MBA curriculum focuses on the Left Brain activities including linear subjects like logic, sequencing, facts, mathematics and computation. Arts Masters tend to focus on Right Brain behaviors like creativity, non-verbal items, intuition, feelings and holistic thinking. Again this is reinforced by observations from Simon Sinek who notes,
“Great leaders are those who trust their gut. They are those who understand the art before the science. They win hearts before minds. They are the ones who start with WHY.”
Once again, this seems to be saying that strong leaders focus more on the Right Brain activities, allowing them to be more personable, understand people in their own context and may connect to why talented leaders appear to be higher on the EQ scale.
Even in the best of circumstances, change is difficult. Niccolo Machiavelli wrote about how difficult change is in his book entitled, ‘The Prince’, way back in the mid 1500’s. He writes,
“And it ought to be remembered that there is nothing more difficult to take in hand, more perilous to conduct, or more uncertain in its success, than to take the lead in the introduction of a new order of things, because the innovator has for enemies all those who have done well under the old conditions, and lukewarm defenders in those who may do well under the new.”

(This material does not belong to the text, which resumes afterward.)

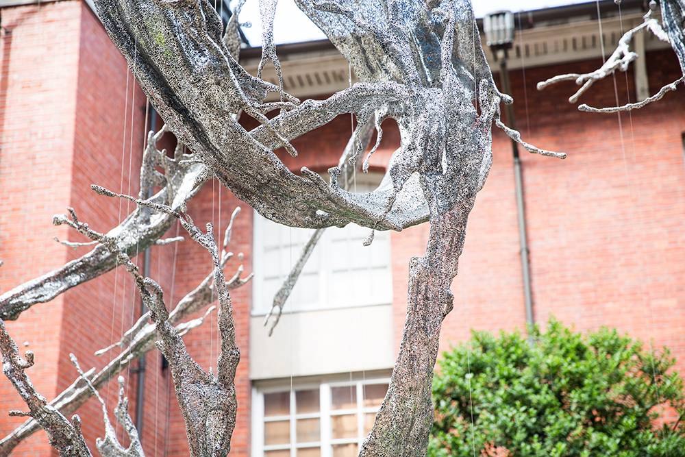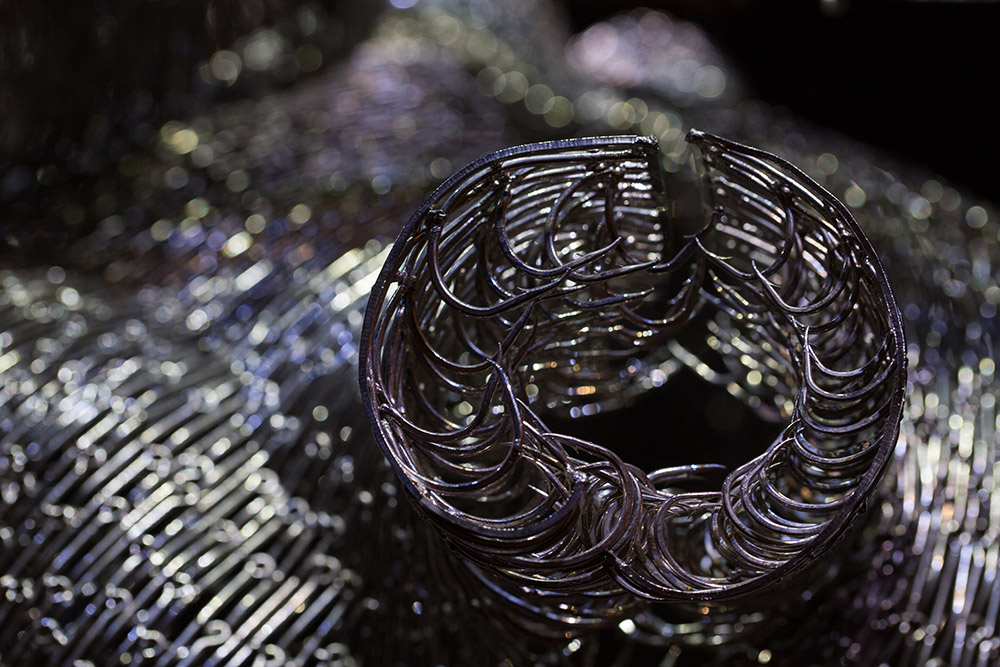 Zheng Lu was born in Chifeng, Inner Mogolian in 1978. As a child, he practiced Chinese calligraphy with his grandfather and transcribed poems and verses for his father, a literature enthusiast. Such background gave birth to Zheng’s keen interest in the forms and meanings of Chinese characters as well as the historical allusions carried by these characters. Therefore, when conducting his graduate study at China Central Academy of Fine Arts in Beijing, he started thinking about transforming the two-dimensional, symbolic forms of Chinese characters into three-dimensional sculptures and spatial installations. To create the foundation for his work, Zheng integrated hieroglyphs, metal technique of openwork carving, and visual effect of overlapping light and shadow. In terms of selecting the characters, he intentionally chose words with radicals symbolizing “water.”

Organizations looking to increase their level of exceptional leadership need to take the leap beyond the MBA and seek out Masters of Arts individuals who can bring a spark of creative life, meet people where they are at and inspire them beyond where they ever thought possible. It’s those Right Brained MAL folks who can talk about the future like they have already been there and rally people around a unified objective.
Break with the norm and find out what others already know; if great leadership is your objective then boost your chance of success by bringing in a MAL. You will wish you had done it sooner.